65'000 Infektionen im Westjordanland

Nach einem jüngsten Anstieg von Corona-Fällen hat die palästinensische Autonomiebehörde, die Teile des von Israel besetzten Westjordanlands verwaltet, diese Woche einen neuen nächtlichen Lockdown verfügt. Die Menschen müssen von 19 Uhr bis sechs Uhr früh daheim bleiben, und die Ausgangssperre gilt auch für Bethlehem. Bislang hat das Gesundheitsministerium etwa 65'000 Infektionen im Westjordanland verzeichnet, mehr als 620 Menschen starben. Behördenvertretern zufolge könnte die Ausgangssperre über Weihnachten und bis ins neue Jahr verlängert werden, sollte die Zahl der Neuinfektionen nicht sinken.

Bethlehems Bürgermeister Anton Salman zufolge hatte die Stadt ursprünglich 3000 geladene Gäste eingeplant, etwa örtliche Pfadfinder-Gruppen und Musikbands aus verschiedenen Teilen der Welt, die normalerweise Besucher während Heiligabend-Festivitäten unterhalten. Nun sieht es mehr als trübe aus.

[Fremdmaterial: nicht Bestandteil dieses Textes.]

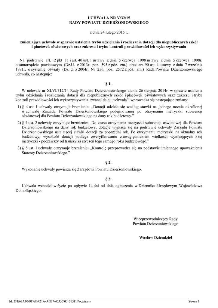 UCHWAŁA NR V/32/15 RADY POWIATU DZIERŻONIOWSKIEGO z dnia 24 lutego 2015 r. zmieniająca uchwałę w sprawie ustalenia trybu udzielania i rozliczania dotacji dla niepublicznych szkół i placówek oświatowych oraz zakresu i trybu kontroli prawidłowości ich wykorzystywania Na podstawie art. 12 pkt 11 i art. 40 ust. 1 ustawy z dnia 5 czerwca 1998 ustawy z dnia 5 czerwca 1998r. o samorządzie powiatowym (Dz.U. z 2013r. poz. 595 z póź. zm.) oraz art. 90 ust. 4 ustawy z dnia 7 września 1991r. o systemie oświaty (Dz. U. z 2004r. Nr 256, poz. 2572 z póź. zm.) Rada Powiatu Dzierżoniowskiego uchwala, co następuje: § 1. W uchwale nr XLVI/312/14 Rady Powiatu Dzierżoniowskiego z dnia 26 sierpnia 2014r. w sprawie ustalenia trybu udzielania i rozliczania dotacji dla niepublicznych szkół i placówek oświatowych oraz zakresu i trybu kontroli prawidłowości ich wykorzystywania, zwanej dalej „uchwałą”, wprowadza się następujące zmiany: 1) § 4 ust. 1 uchwały otrzymuje brzmienie: „Dotacji udziela się według stawki na jednego ucznia określonej w uchwale Zarządu Powiatu Dzierżoniowskiego podejmowanej po otrzymaniu metryczki subwencji oświatowej dla Powiatu Dzierżoniowskiego na dany rok budżetowy.” 2) § 4 ust. 2 uchwały otrzymuje brzmienie: „Do czasu otrzymania metryczki subwencji oświatowej dla Powiatu Dzierżoniowskiego na dany rok budżetowy, dotacje wypłaca się na podstawie uchwały Zarządu Powiatu Dzierżoniowskiego ustalającej stawki dotacji za poprzedni rok. Po otrzymaniu metryczki na aktualny rok budżetowy, wysokość dotacji podlega zweryfikowaniu z uwzględnieniem wielkości wynikających z tej metryczki - począwszy od transzy za styczeń tego samego roku budżetowego.” 3) § 8 ust. 1 uchwały otrzymuje brzmienie: „Kontrolę przeprowadza się na podstawie imiennego upoważnienia Starosty Dzierżoniowskiego.” § 2. Wykonanie uchwały powierza się Zarządowi Powiatu Dzierżoniowskiego. § 3. Uchwała wchodzi w życie po upływie 14 dni od dnia ogłoszenia w Dzienniku Urzędowym Województwa Dolnośląskiego. Wiceprzewodniczący Rady Powiatu Dzierżoniowskiego Wacław Dziendziel Id: 3FE63A10-9FA8-421A-A0B7-453368C1263F. Podpisany Strona 1 UZASADNIENIE Zgodnie z zapisami Rozdziału II uchwały nr XLVI/312/14 Rady Powiatu Dzierżoniowskiego z dnia 26 sierpnia 2014r. w sprawie ustalenia trybu udzielania i rozliczania dotacji dla niepublicznych szkół i placówek oświatowych oraz zakresu i trybu kontroli prawidłowości ich wykorzystywania, wysokość dotacji dla większości oświatowych podmiotów niepublicznych równa jest kwocie przewidzianej na jednego ucznia danego typu i rodzaju szkoły lub placówki w części oświatowej subwencji otrzymywanej przez Powiat. Stawki dotacji ustalane są na podstawie metryczki subwencji oświatowej dla Powiatu Dzierżoniowskiego na dany rok budżetowy, którą Powiat otrzymuje po uchwaleniu budżetu państwa, najczęściej w marcu danego roku. Konieczność wprowadzenia proponowanych zmian wynika z faktu, że w terminie wskazanym w zmienianej uchwale (tj. do 31 stycznia danego roku) z podanych wyżej przyczyn nie jest możliwe ustalenie stawek dotacji obowiązujących w danym roku. Okoliczności uzasadniające tę zmianę ujawniły się w toku realizacji uchwały. Względy praktyczne przemawiają także za zmianą uchwały w części dotyczącej podmiotów upoważnionych do kontroli dotowanych szkół i placówek niepublicznych. Mając powyższe na uwadze zasadnym jest podjęcie niniejszej uchwały. Przewodniczący Zarządu Powiatu Dzierżoniowskiego Janusz Guzdek Id: 3FE63A10-9FA8-421A-A0B7-453368C1263F. Podpisany Strona 1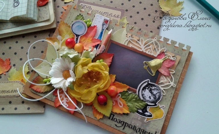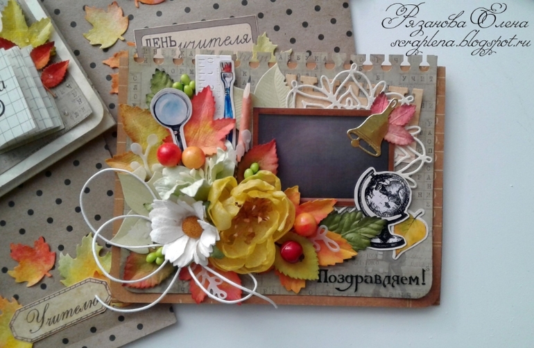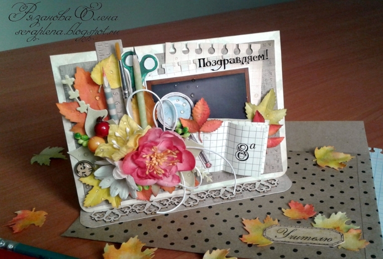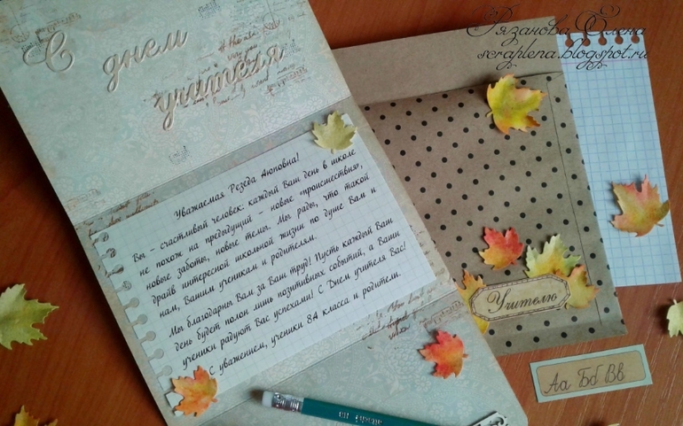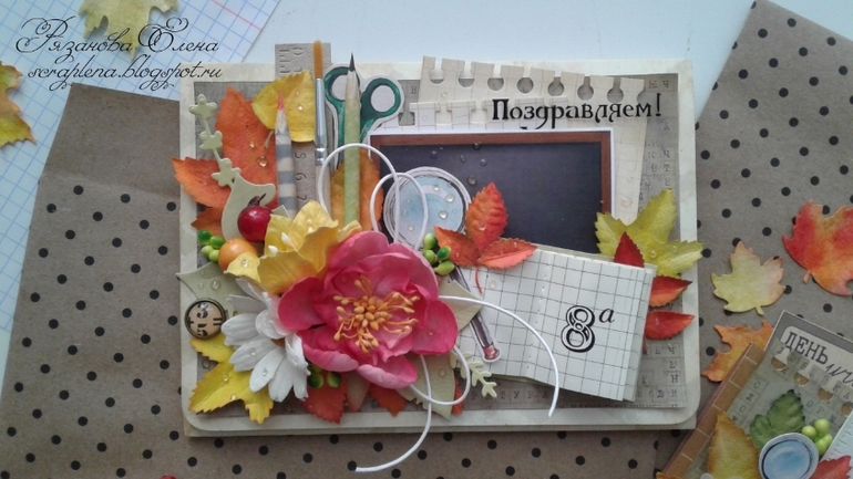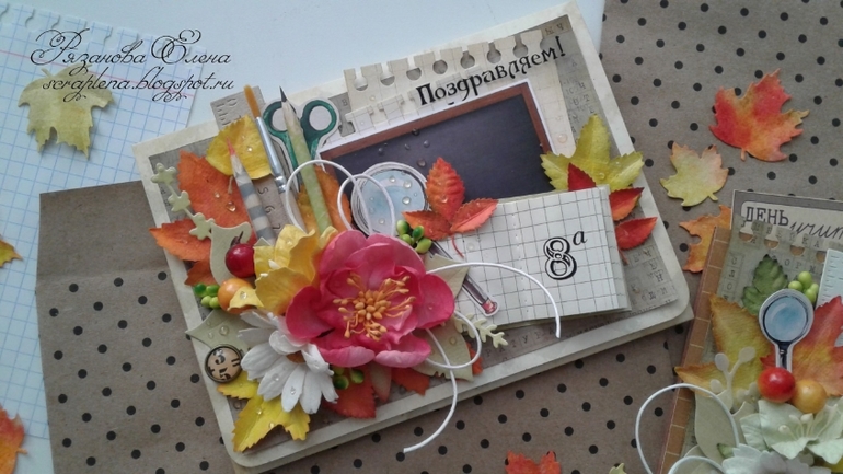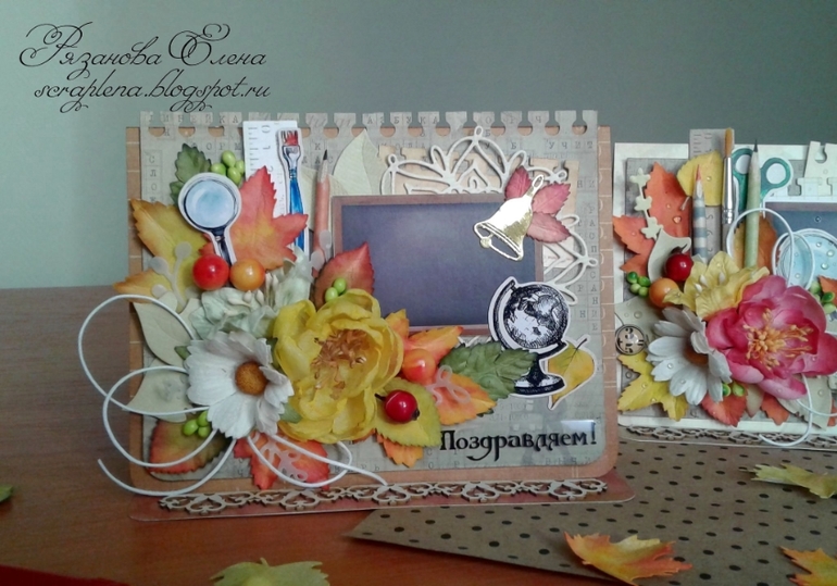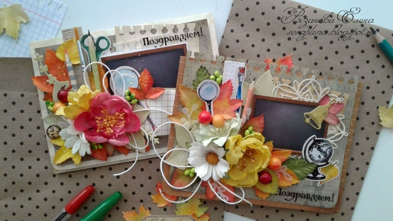Первая открыточка с текстом, вторая без. Листья красила сама, карандашик и тетрадочка тоже рукодельные. Бумага Скрапберрис и какая-то еще, вырубка Мона, ножи АгиАрт, чип Рукоделушки.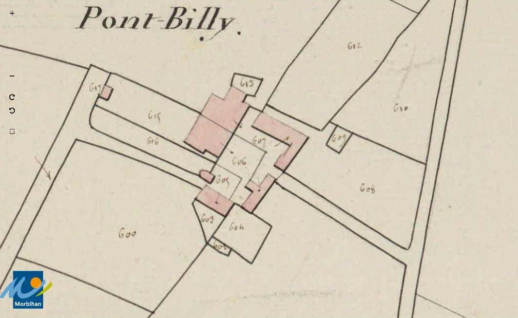 Le manoir de Pont Bily sur le cadastre de 1829 (A. D. du Morbihan, 3 P 270/2)Immatriculation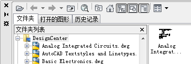 - 历史记录。显示设计中心中以前打开的文件的列表。双击列表中的某个图形文件,可以在“文件夹”选项卡中的树状视图中定位此图形文件并将其内容加载到内容区中。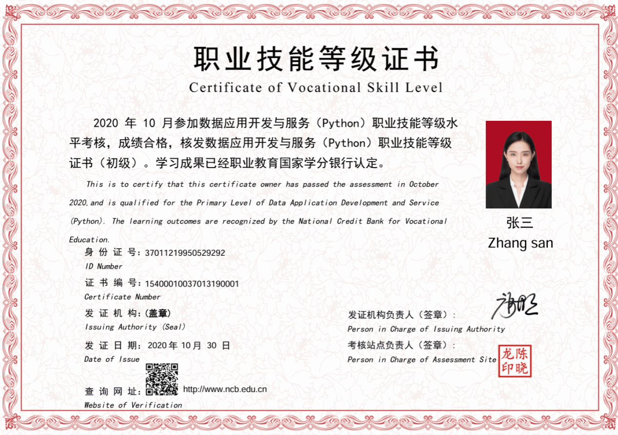 数据应用开发与服务(Python)职业技能等级证书由北京中软国际信息技术有限公司颁发,是教育部“1+X”证书体系一员,分初、中、高级,受行业认可,可证明持证人对应级别的Python开发与数据处理能力 。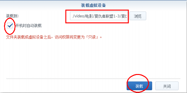 6、在“开机时自动装载”上打勾,点“装载”,这样每次群晖重启后就自动加载这个ISO文件;
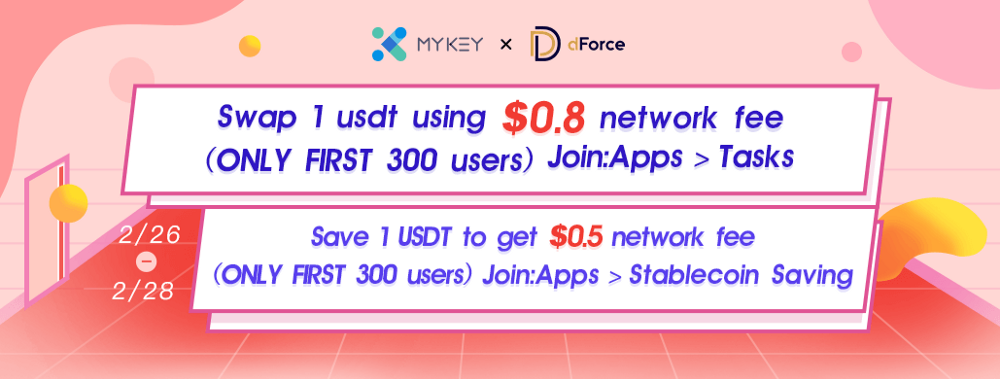 Since Ethereum version was launched, MYKEY has been committed to letting more users understand DeFi and experience decentralized financial management. This time, MYKEY and dForce present a time-limited activity. Users can swap 1 USDT using $0.8 network fee and save at least 1 USDT to get $ 0.5 network fee!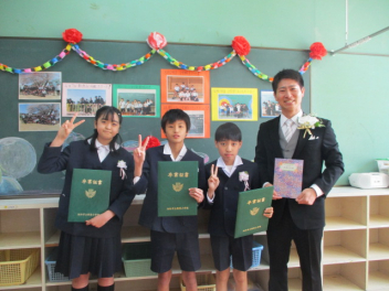 令和7年度の卒業式が挙行されました。天候にも恵まれ、温かな日差しの中、44名の子供たちが新原小から巣立ちました。卒業証書授与では、一人一人が立派な態度で証書をいただきました。「旅立ちの言葉」はこれまでの6年間を振り返り、自分たちが様々な人たちの支えや仲間の存在によって成長できたこと、家族への感謝などを伝えました。式歌「栄光の架け橋」は圧巻の歌声で、会場中が感動でいっぱいになりました。保護者も来賓の皆様も(もちろん職員も)、涙、涙の卒業式になりました。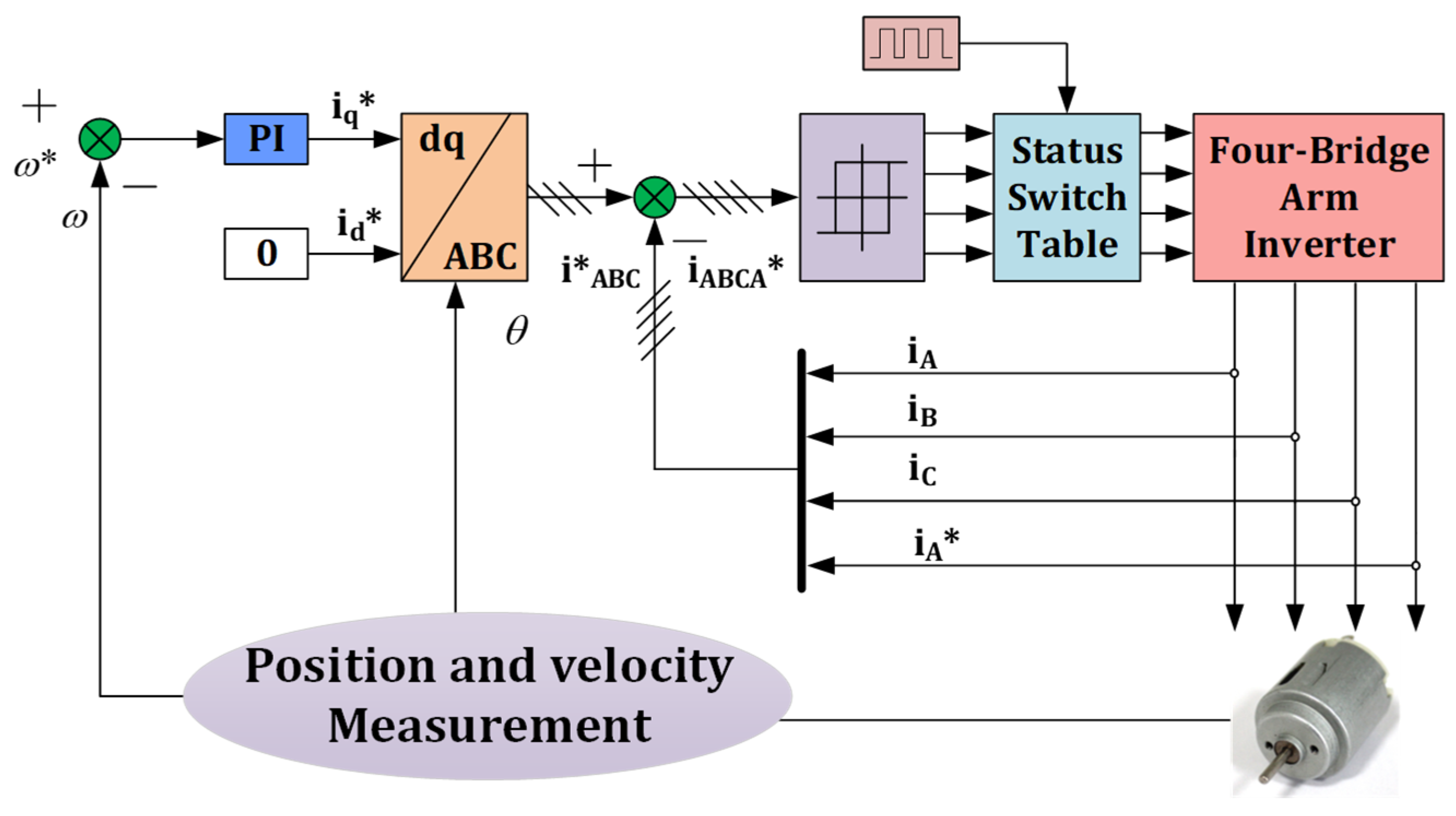 3.1. Open-Winding PMSM Control System Based on Improved Hysteresis Current Control for Four-Leg Inverter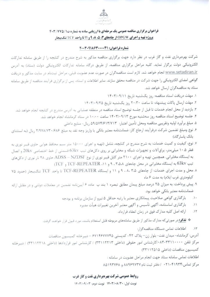 پروژه تهيه و اجراي OPGW از چاههاي3، 5، 8، 9 و 11 تا واحد TCF تنگبيجار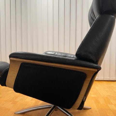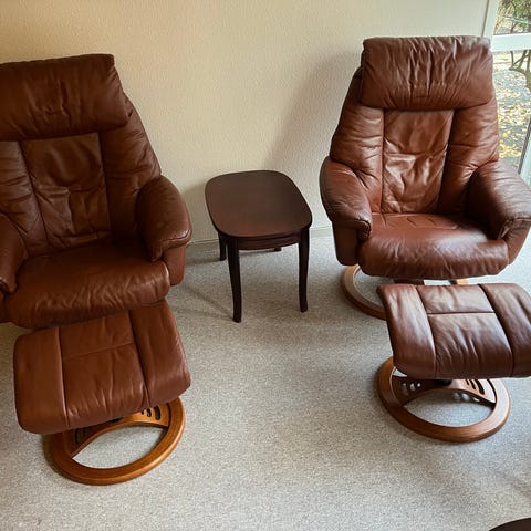2 stk. IMG Comfort Of Norway lænestole fra Ilva i ægte læder. En skammel medfølger. Står næsten som nye. Ca.5 år gamle men ikke brugt ret meget. Sæt pris: 2 stole + skammel. Nypris 25.000kr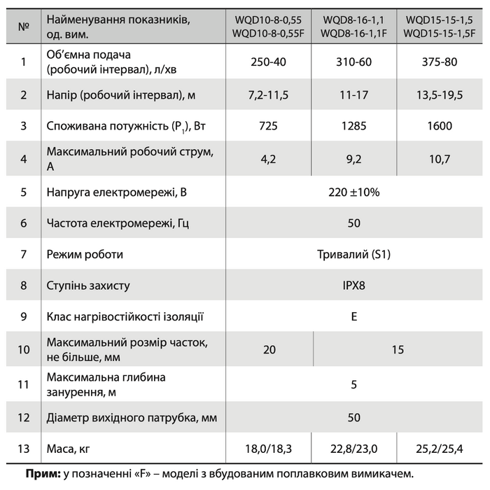 • укомплектований вимикачем поплавця (тільки для моделей з літерою "F")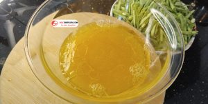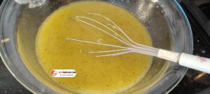 6. Ayrı derin küçük bir kapta portakal suyu, limon suyu ve zeytinyağını karıştırıp çırpıcı ile iyice çırpalım.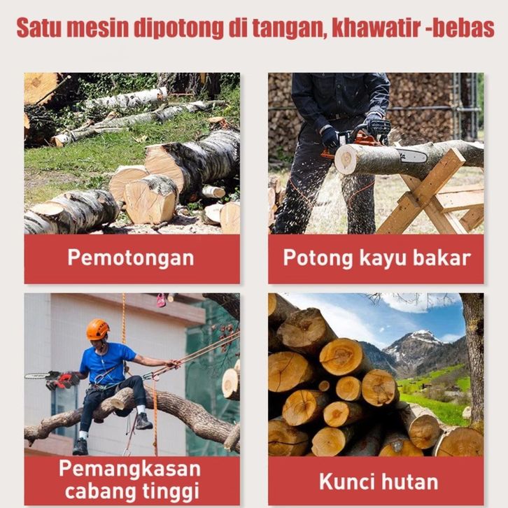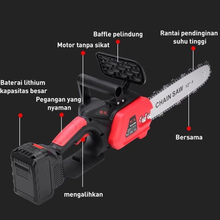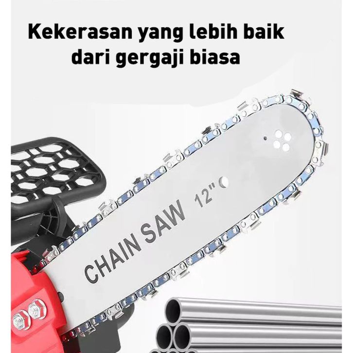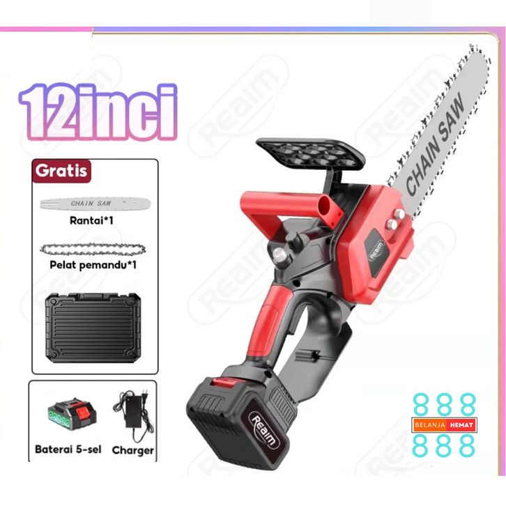 Terlaris Reaim Chainsaw Gergaji Rantai Elektrik 1 Baterai 599V - Cordless Gergaji Pemotong Kayu Mini 12 Inch Keren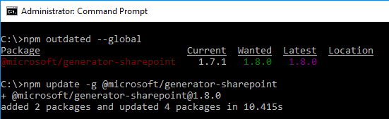 npm update -g @microsoft/generator-sharepoint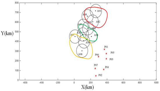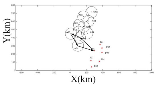 Equation (7) indicates whether the UAV a is flying from base p to target i. If , UAV flies from base p to target i. The time loss of UAV which flies from the base to the starting point or ending point of the target group is denoted by Equation (8). is the number of UAVs in base p. Equation (9) shows that the number of UAVs on the mission at each base does not exceed the number of UAVs owned by the base. is the maximum endurance of the UAV. Equation (10) indicates that the flight time of each UAV cannot exceed its longest flight time. The shortest flight time outside the radar detection range is . Equation (11) denotes the total flight time of the UAV.

Gerade mal 15 Gäste, darunter örtliche Bürgermeister, der Bezirksgouverneur, der Lateinische Patriarch von Jerusalem und andere Geistliche, dürfen dabei sein, wenn der Weihnachtsbaum vor der Geburtskirche am Donnerstag erstmals zum Erstrahlen gebracht wird. Der 85-jährige Palästinenser-Präsident Mahmud Abbas, der normalerweise an der Zeremonie teilnimmt, wurde ebenfalls eingeladen, aber bislang ist unklar, ob er kommt.

«Nichts wird so sein wie bisher»

Auch bei der Mitternachtsmesse, die der Lateinische Patriarch sonst stets vor religiösen Führungspersonen, örtlichen Prominenten und Hunderten von internationalen Besuchern zelebriert, wird die Besucherzahl diesmal drastisch zurückgestutzt. An der Gästeliste werde noch gearbeitet, sagt Salman, aber sie werde religiöse Führer und einige ausländische Diplomaten einschliessen. Die allgemeine Öffentlichkeit kann den Gottesdienst nur auf dem Bildschirm verfolgen, sie wird live übertragen. 

«Niemand kann die Verantwortung übernehmen, eine Menge Leute zu Weihnachtsveranstaltungen einzuladen», sagt der Bürgermeister. «Nichts wird während der Pandemie so sein wie bisher.»